Découvrir le Gemstream
Scrollez l'actu gaming
Comment oublier la légendaire PS2 ? Véritable icône du jeu vidéo, cette console a marqué toute une génération grâce à un catalogue impressionnant de jeux devenus cultes. Certains titres, malgré leur succès, mériteraient une seconde jeunesse sur les consoles actuelles grâce à des remakes dignes de ce nom. Voici une sélection de 10 jeux cultes de la PS2 qui méritent vraiment un remake pour une nouvelle génération de joueurs.
Développé par Criterion Games et publié par EA Games en 2004, Burnout 3 : Takedown reste la référence ultime des jeux de course arcade orientés destruction. Ce titre révolutionnaire a redéfini le genre avec son cocktail parfait de vitesse vertigineuse, compétition agressive et chaos spectaculaire. Sa mécanique signature de « Takedown » encourageait les joueurs à percuter stratégiquement leurs adversaires pour les envoyer dans le décor, récompensant l’agressivité plutôt que la conduite prudente. Le mode « Crash » transformait les accidents de voiture en puzzles destructifs où l’objectif était de causer un maximum de dégâts financiers. Le système de replay « Aftertouch » permettait même de contrôler son épave après un crash pour maximiser la destruction. Avec plus de 40 circuits répartis sur 3 continents, 70 véhicules déblocables et une bande-son énergique mixée par DJ Stryker de KROQ, le jeu offrait un contenu phénoménal.
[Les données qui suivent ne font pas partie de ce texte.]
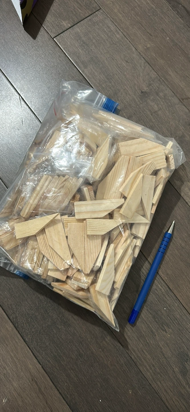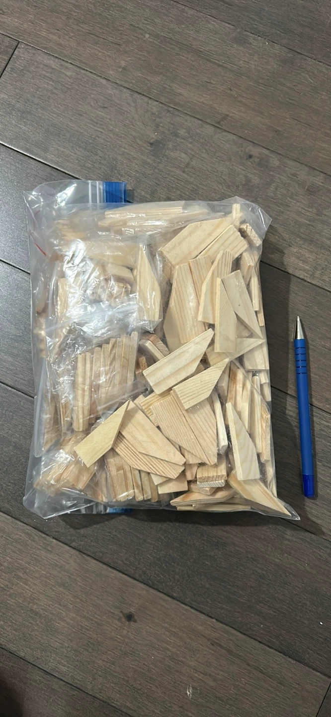 Selling a bag full of wooden craft pieces! These are great for all sorts of projects, from building miniatures to adding texture to art pieces. They come in various shapes and sizes, perfect for letting your creativity flow. Get crafty!

Sa physique de destruction qui pulvérisait les voitures en centaines de morceaux était techniquement impressionnante pour l’époque. Un remake avec un moteur physique next-gen, des graphismes photoréalistes et un mode online repensé pourrait ressusciter cette expérience adrénaline pure que les jeux de course actuels, trop simulatifs, ont abandonnée.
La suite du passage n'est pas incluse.